Caffè Moak come sta vivendo e affrontando tutte queste sfide?
“Giorno dopo giorno ci confrontiamo con le difficoltà del momento e razionalizziamo al meglio i nostri processi, affrontando la crisi come famiglia e con i nostri collaboratori attraverso il dialogo. Parliamo con gli oltre 4000 bar nello Stivale, nostri clienti.
Dobbiamo uscirne tutti insieme.
Il problema ora del torrefattore principalmente deriva dalla concorrenza sleale: invece adesso bisogna essere maturi tutti e guardare al problema come a qualcosa di sistemico che coinvolge chiunque, dal più grande al più piccolo. Oggi si fa concorrenza tra poveri ma un domani potremmo proprio non essere in attività. Cerchiamo di comportarci più da imprenditori.”

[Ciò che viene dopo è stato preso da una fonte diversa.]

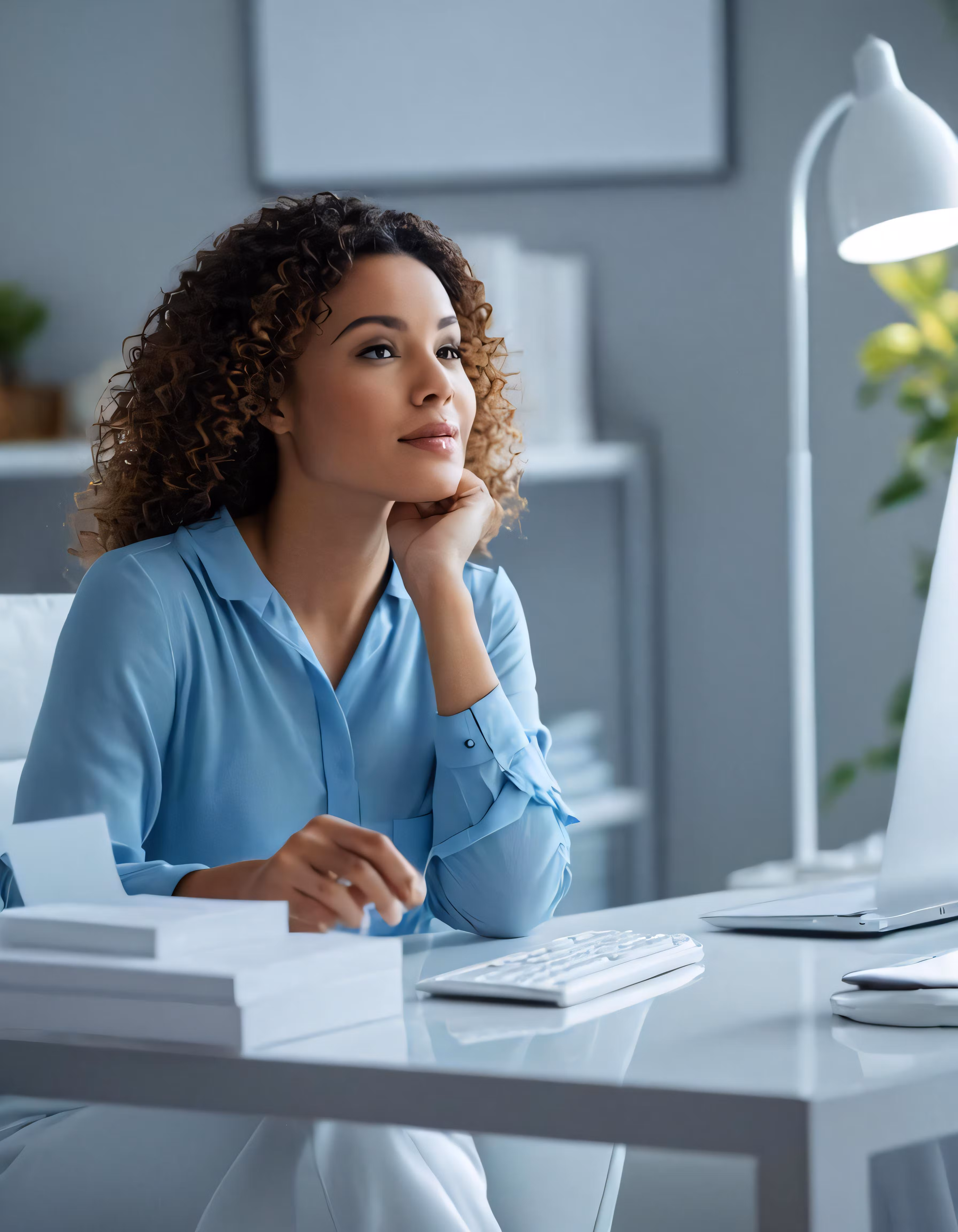 High resolution picture, free to use, a woman with a blue shirt sitting at a desk

Arabica e Robusta: ormai non si sa bene cosa scegliere per risparmiare
“Ora si è ricreata la differenza tra le due, ma entrambe si mantengono molto costose. Questo è un problema per la creazione delle miscele, che ora ha un prezzo finale molto più elevato perché sia Arabica che Robusta hanno subito un rialzo.
Ricordo che i primi aumenti sulla Robusta sono arrivati all’inizio dell’estate del 2023 e da lì è stato un crescendo. Ormai è passato un anno e mezzo e i prezzi si sono mantenuti su questo livello. C’è quindi una carenza di materia prima e la speculazione sta facendo la sua parte per conservare invariato questo contesto.
Questo fenomeno ci fa capire un’altra cosa, ovvero che potrebbe durare ancora molto a lungo. Nessuno può prevedere la decrescita ed è necessario iniziare a ragionare in maniera differente. Si devono applicare degli aumenti, riallineando il prezzo di costo del prodotto con quello di vendita, realizzando dei margini.”
Consumatore e qualità: a che punto siamo?
Spadola: “Parto dal presupposto che in questi momenti la serietà commerciale e imprenditoriale di un’azienda si manifesta fornendo un prodotto che sia quanto meno uguale se non migliore di prima. Abbiamo scelto di non fare economia sulle nostre miscele, anche pagando dei prezzi pazzeschi pur di tutelare il consumatore e stiamo avendo dei riscontri sul mercato, acquisendo clientela nuova anche con la qualità dei servizi.
Certo il consumatore non è così educato a riconoscere la qualità e andrebbe sicuramente coinvolto maggiormente nel racconto dietro alla tazzina.
Ogni azienda sta cercando di farlo: ci vuole però tanto tempo, così com’è avvenuto nel mondo del vino in 30 anni. Nel caffè dobbiamo raggiungere gli stessi livelli attraverso l’azione congiunta di torrefattore e barista: noi lavoriamo tanto con gli operatori nei corsi di formazione e cerchiamo sempre più di far evolvere questa figura professionale nella conoscenza del prodotto che poi servirà e spiegherà al consumatore.
Caffè e cappuccino sono i must e noi proponiamo in continuazione novità per utilizzare questa ricetta in modi differenti, come per esempio miscelata con le bevande vegetali. In questo modo si evolvono le abitudini di consumo in un’offerta continuamente aggiornata.”